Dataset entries
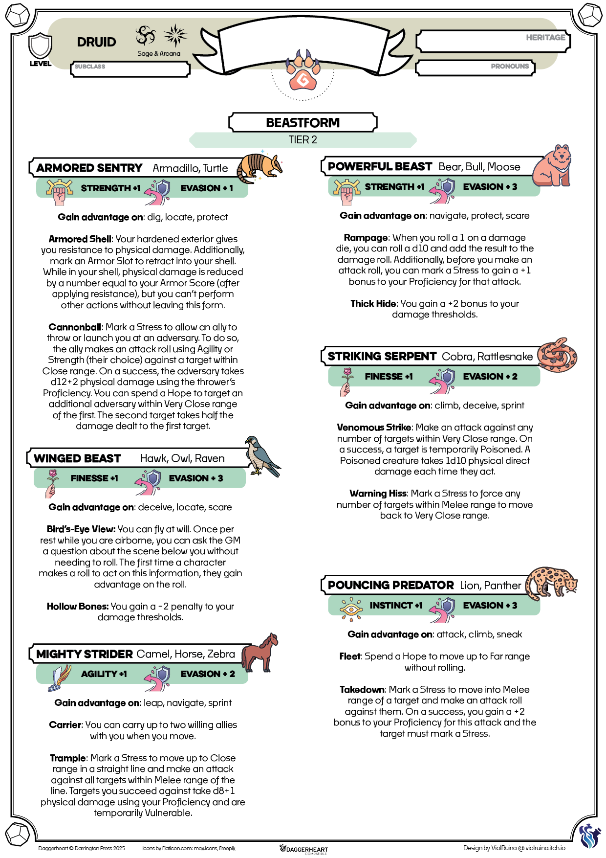 (Now with extra card sheet, inventory page, journal, GM Tracker, ranger companion and druid beastform!)
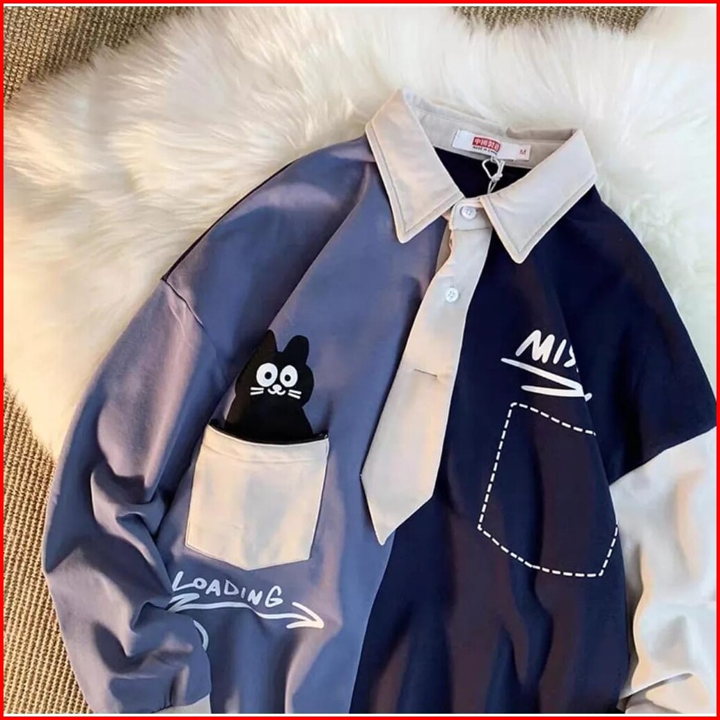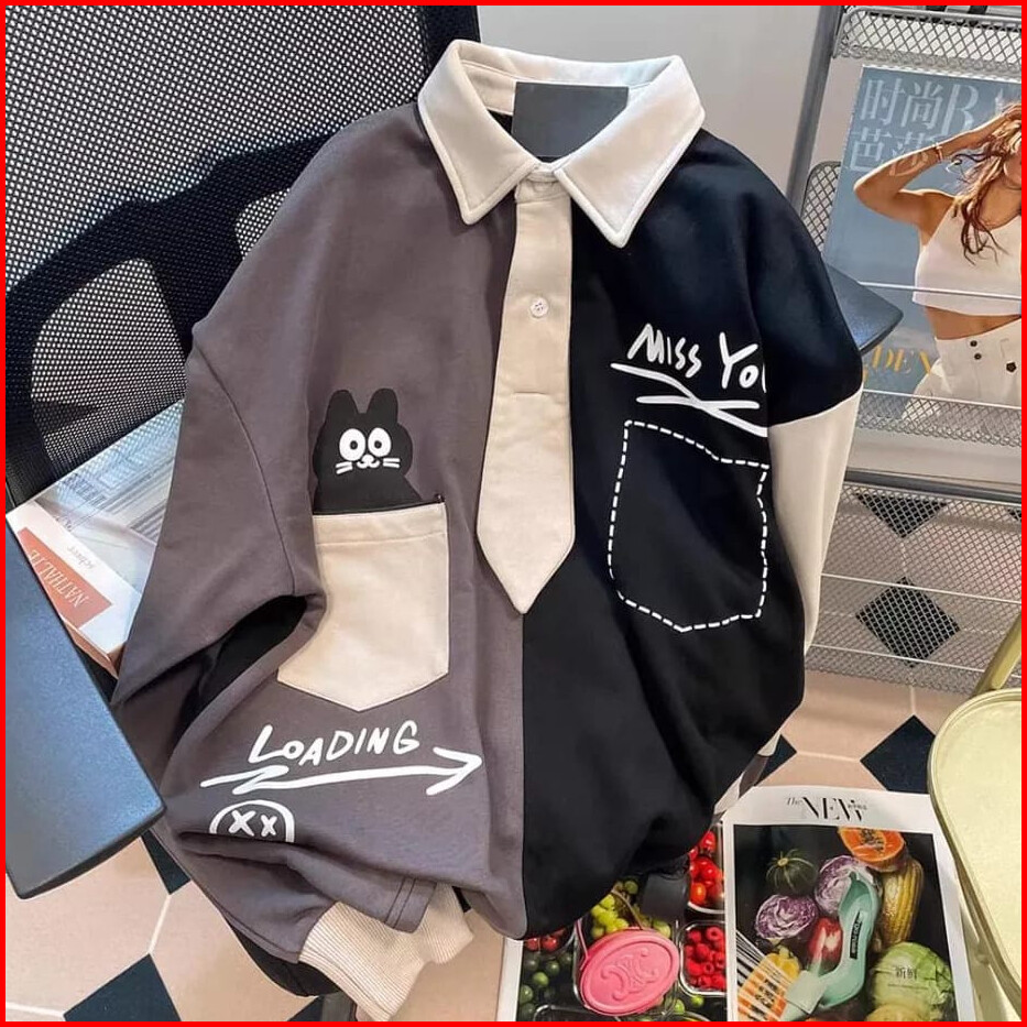 Miss You Loading Collar Oversized Sweater Outerwear Remaja Wanita Korean Style Premium
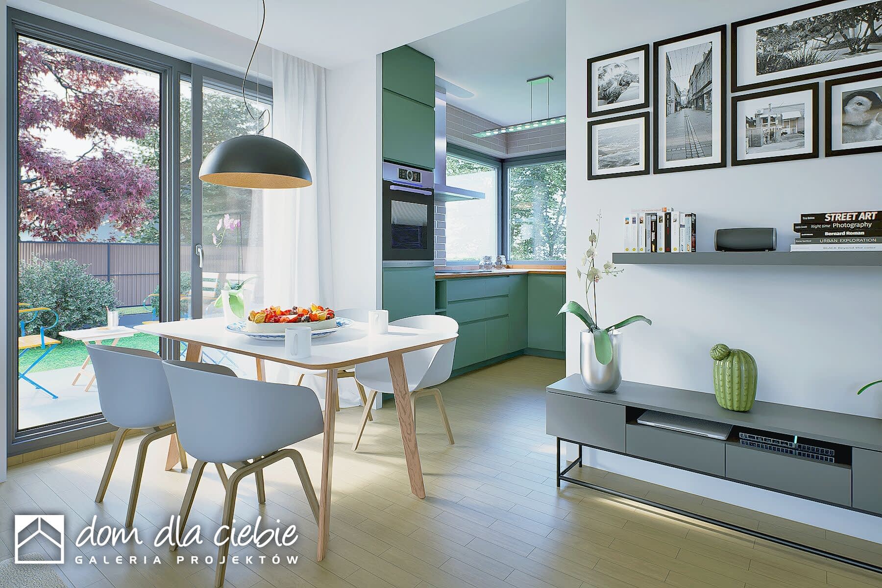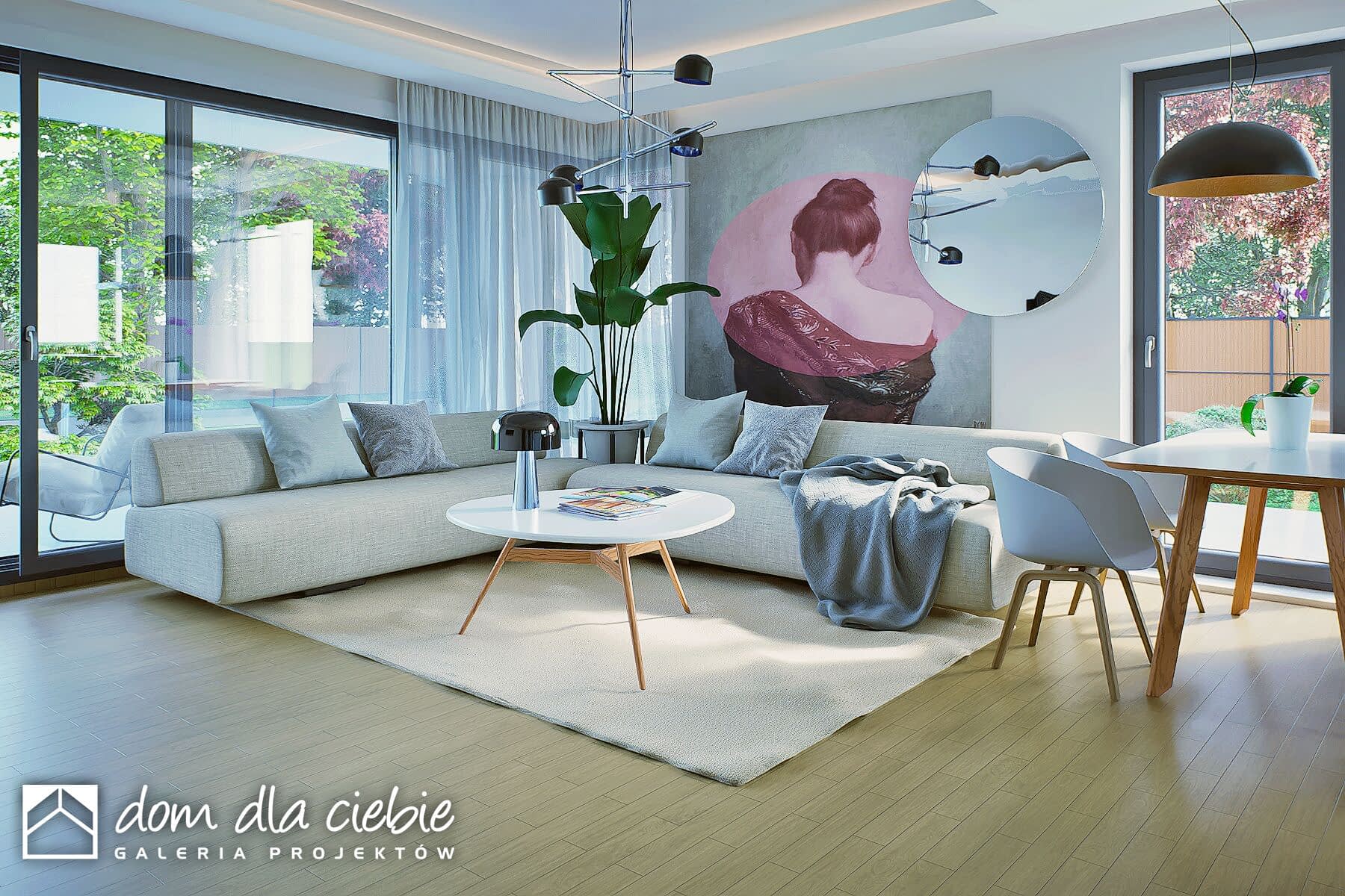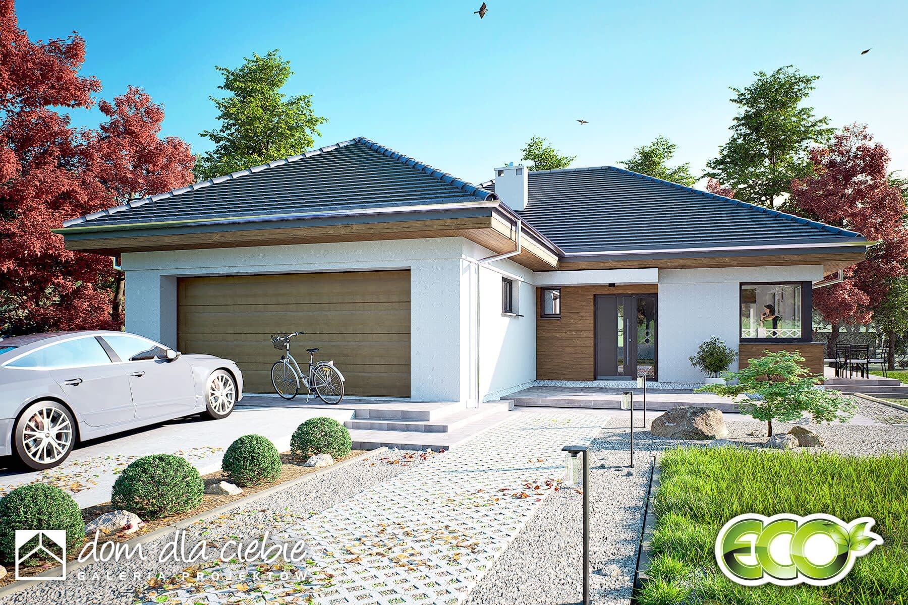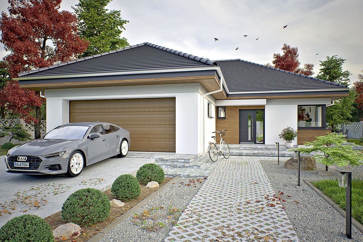 Oliwka to projekt małego, ale wygodnego i praktycznego domu jednorodzinnego z wielospadowym dachem i garażem dwustanowiskowym. Dom wyróżnia się estetycznym wyglądem i zapewnia komfort jego mieszkańcom. Stworzony został z myślą o czteroosobowej rodzinie, a jego uniwersalny design sprawia, że dobrze pasuje zarówno do nowoczesnych osiedli, jak i starszej zabudowy.Wejście prowadzi przez wiatrołap do otwartej przestrzeni dziennej, w której znajdują się salon, kuchnia i jadalnia. W tej strefie zaplanowano kominek oraz dwa wyjścia na taras – z salonu i jadalni. Przy kuchni znajduje się praktyczna spiżarnia, a centralnym miejscem jest jadalnia.Z holu, gdzie zaplanowano szafę wnękową, można przejść do części prywatnej, w której są trzy sypialnie i duża łazienka. Dom ma także eleganckie narożne okna, które dodają mu nowoczesnego wyglądu.To projekt idealny dla osób szukających taniego w budowie i utrzymaniu domu, który spełnia współczesne potrzeby. Uniwersalny styl tego domu to jego duża zaleta.
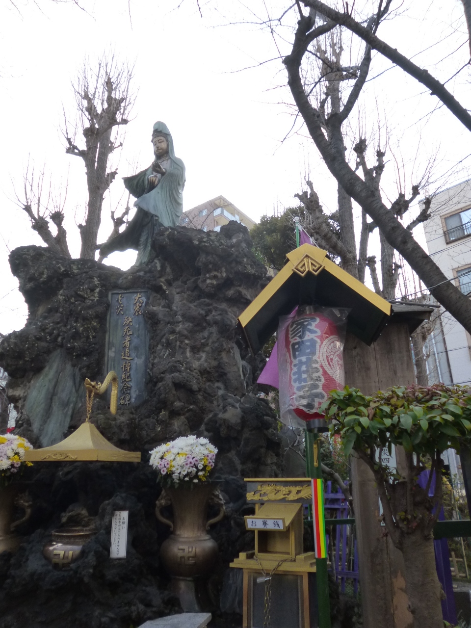 新吉原花園池跡が浅草寺から北へ17分ほど歩いたところにあります。もとはこの辺りは湿地帯で、幕府による吉原移転の際に造成され、この池の一部が残ったようです。敷地の中央部池の畔の築山に観音様が立っています。関東大震災では多くの人々がこの池に逃れ、490人が溺死するという大きな悲劇が起来たそうです。その慰霊のために置かれた観音様です。
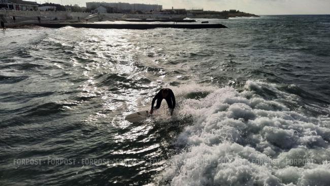 А в группе «Подслушано в Севастополе» сайта «Вконтакте» опубликовали серию фото Александра Кожевникова, рассказывающую историю отчаянного «сёрфингиста». Во время шторма мужчина пытался поймать волну на одном из городских пляжей, но был остановлен спасателями и сотрудниками полиции.
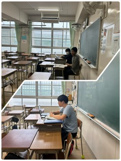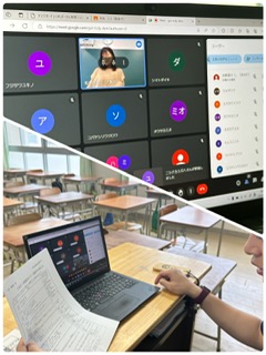 本日は双方向オンライン通信の練習のために、生徒たちは1時間目は自宅からクロームブックでオンライン通信を行いました。
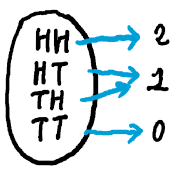 함수의 개념으로 생각해보자면, 표본점이나 사상을 수치에 대응시킨 것이 확률변수이다.
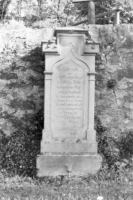 Grabmal des katholischen Pfarrers Andreas Behr von 1870. Rechteckige, Grabplatte aus hellem Sandstein, in neogotischen Formen dekoriert. Abschluß mit gestuftem Zinnen.
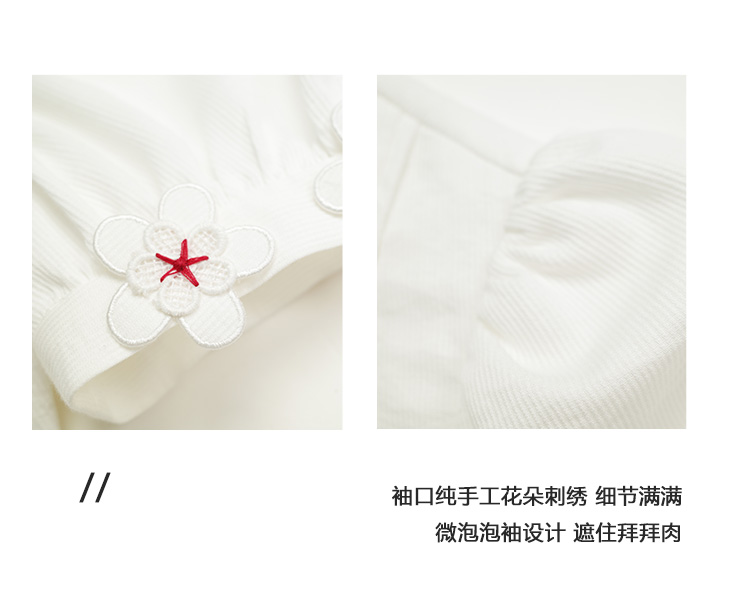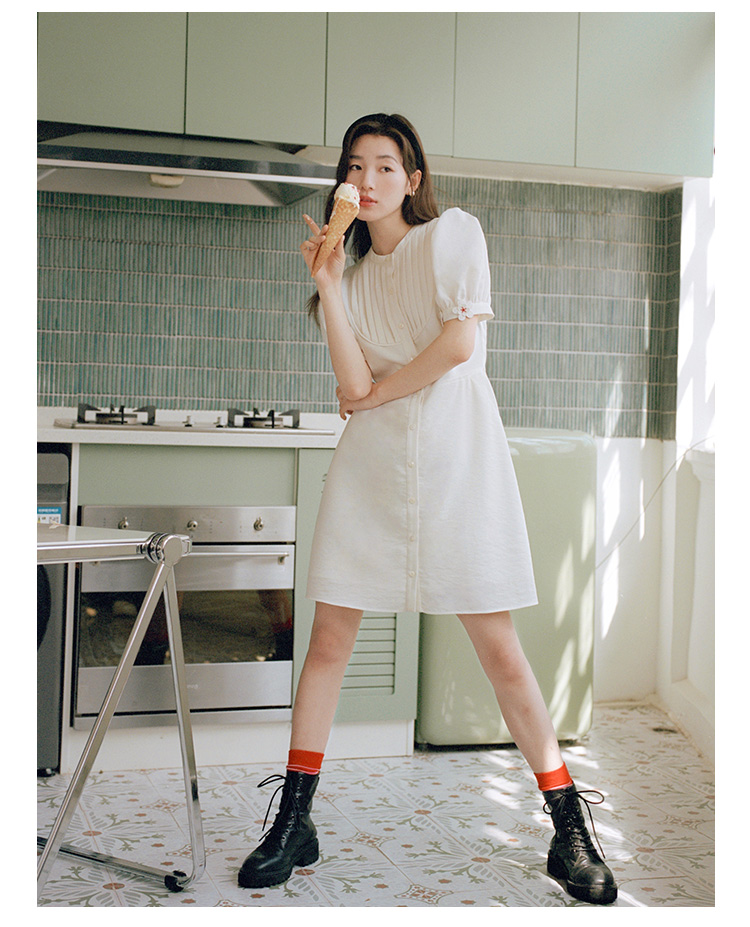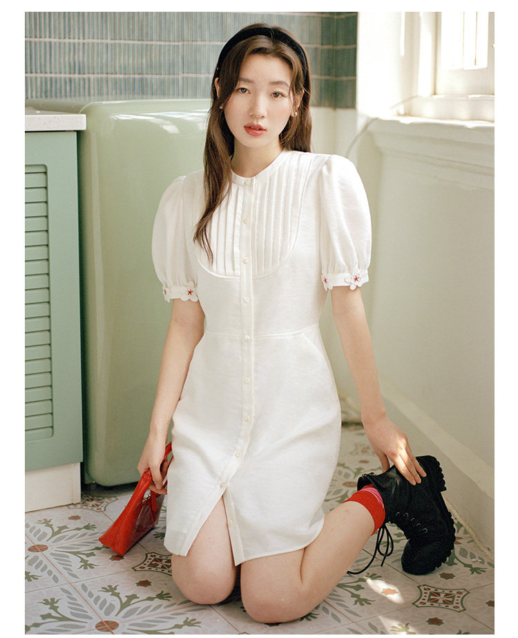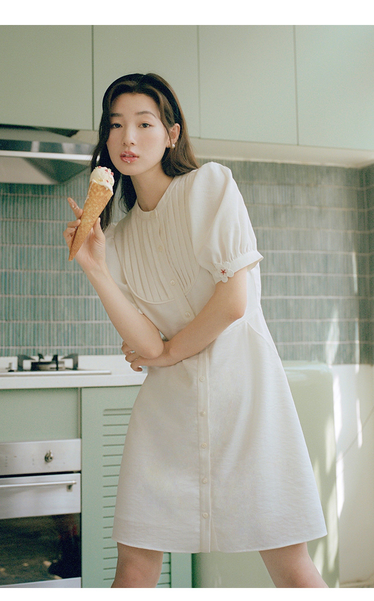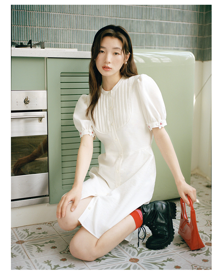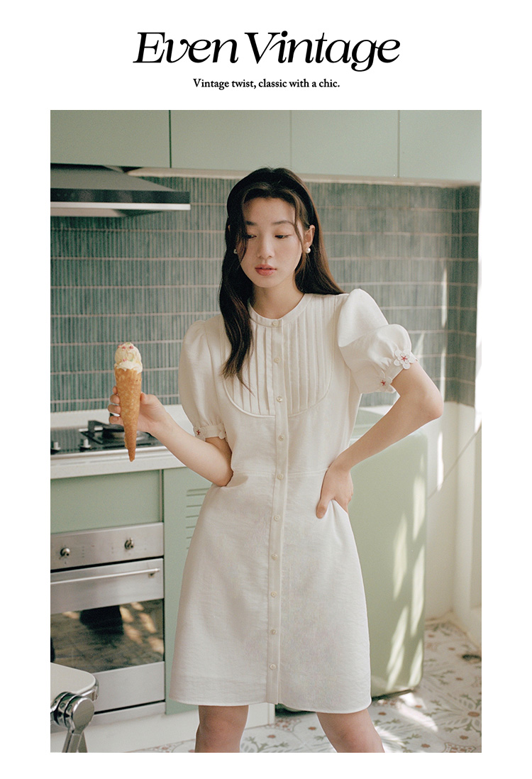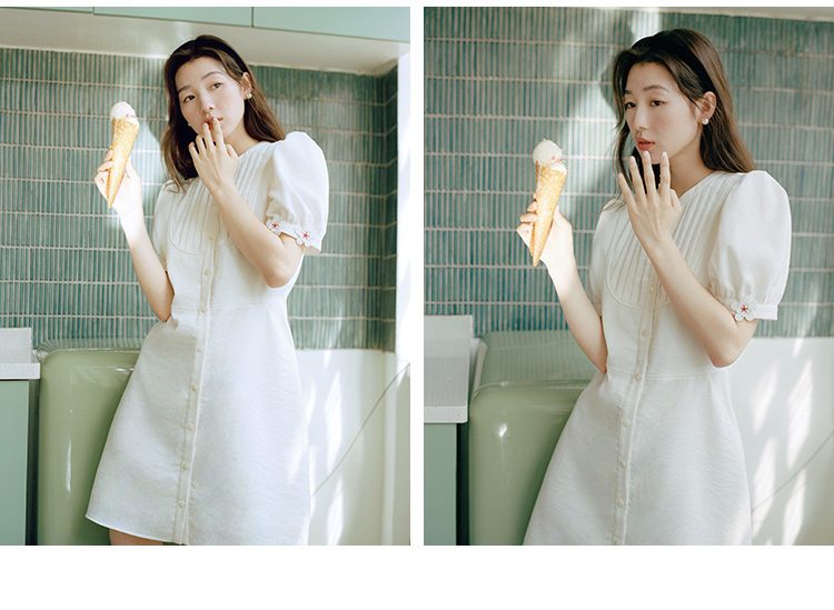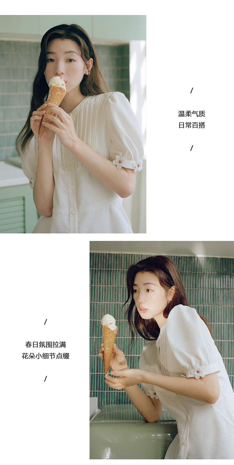 Even Vintage | 夏日清新 原创设计法式连衣裙刺绣花朵高腰小白裙

**Goal of the exercise**
No pictures belong in the output. It should reproduce exactly the lines from the one containing "本日は双方向オンライン通信の" through the end of the data, both ends included.

**Task answer**
 本日は双方向オンライン通信の練習のために、生徒たちは1時間目は自宅からクロームブックでオンライン通信を行いました。
 함수의 개념으로 생각해보자면, 표본점이나 사상을 수치에 대응시킨 것이 확률변수이다.
 Grabmal des katholischen Pfarrers Andreas Behr von 1870. Rechteckige, Grabplatte aus hellem Sandstein, in neogotischen Formen dekoriert. Abschluß mit gestuftem Zinnen.
 Even Vintage | 夏日清新 原创设计法式连衣裙刺绣花朵高腰小白裙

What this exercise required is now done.